Seis russas. Duas austríacas. Duas espanholas. Duas italianas. Duas portuguesas.

Havia ainda, uma sérvia e uma romena.

Quanto às idades, nos cadastros daquele ano de 1920, oito tinham completado 35 anos ou mais.

As demais, pertenciam uma faixa etária compreendida entre 23 e 33 anos.

No quesito grau de instrução: as estrangeiras eram ligeiramente superiores às brasileiras. Um terço das brasileiras não sabiam ler, enquanto apenas um quarto das estrangeiras eram analfabetas.

O que aumentava as chances de as estrangeiras escaparem da marginalização social.

A situação desfavorável das brasileiras era ainda agravada pela cor de suas peles, numa sociedade afetada por preconceitos como a paraense da época.

As europeias eram todas brancas.

Entre as brasileiras, dois terços eram identificadas nas cadernetas como mestiças ou pretas.

Naquele período de crise econômica do Pará, um dado daquele cadastro mostrava o distanciamento da situação econômica das regiões Norte e Nordeste em relação ao Centro-Sul do país. 

No meio daquelas mulheres, havia uma única paulista e uma única carioca.

As demais ou eram paraenses – cerca de um terço -, ou nordestinas – sobretudo, cearenses.

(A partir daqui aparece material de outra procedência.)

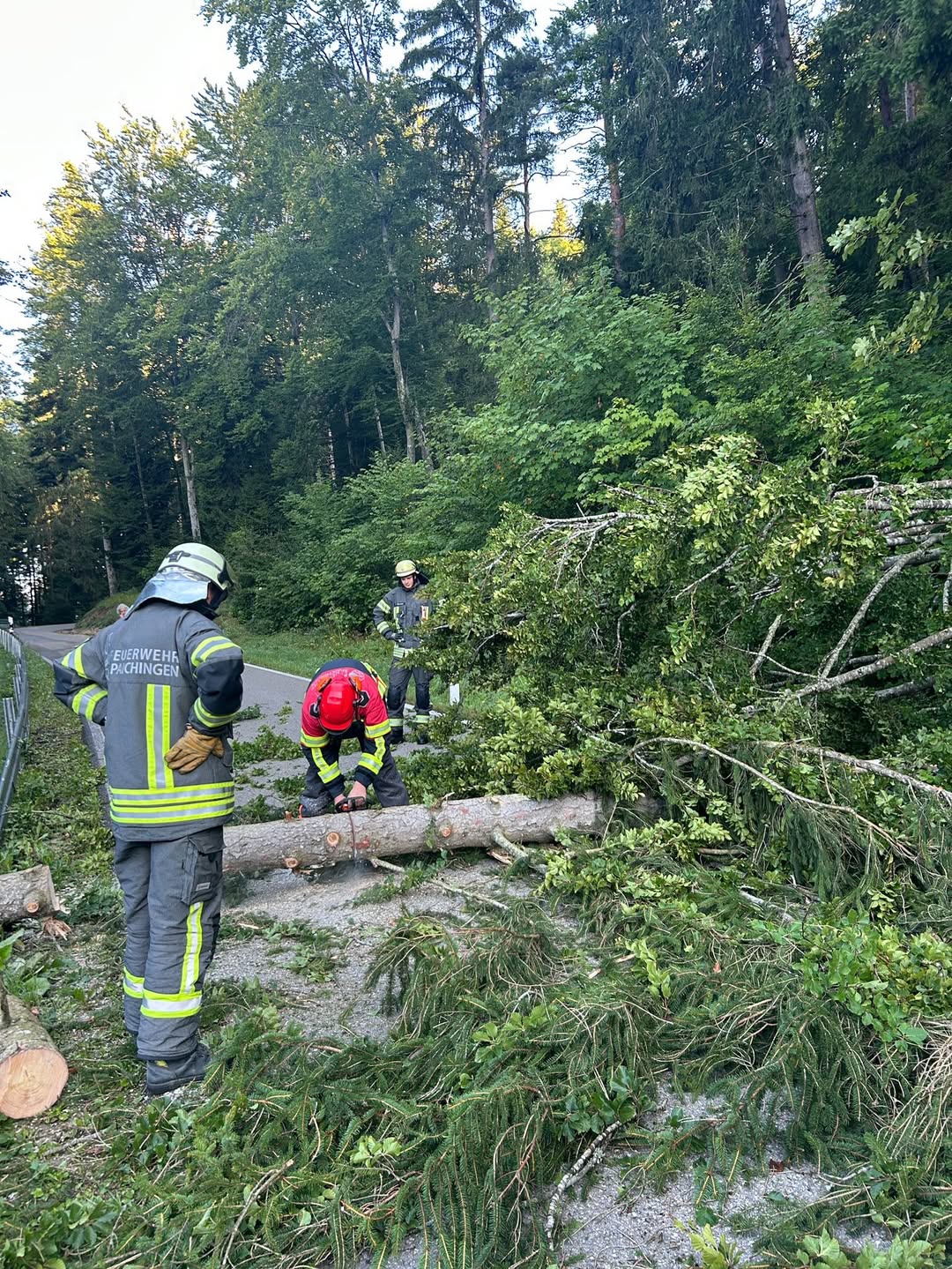 Mithilfe einer Kettensäge wurde das Hindernis beseitigt und nach ca. einer Stunde konnte die Straße wieder freigegeben werden.

Mas havia também, maranhenses, paraibanas e pernambucanas. 

E, em menor número, piauienses e rio-grandenses do norte.

Estas últimas em número igual ao das oriundas de outro Estado nortista, o Amazonas.

As brasileiras, como consequência da maior carga de preconceito social existente contra elas, não tinham a mesma facilidade para casar-se de que as estrangeiras usufruíam, mostravam os dados fornecidos pelo governador.

Apenas uma brasileira, em cada cinco, tinha marido. Já a metade das europeias eram casadas.

Curiosamente, no entanto, somente uma brasileira em cada grupo das 16 casadas enviuvara.

Enquanto entre as estrangeiras, a proporção, neste caso, era de uma viúva em cada grupo de 4 mulheres casadas.

De qualquer forma, mesmo entre as prostitutas estrangeiras, havia diferenças sociais.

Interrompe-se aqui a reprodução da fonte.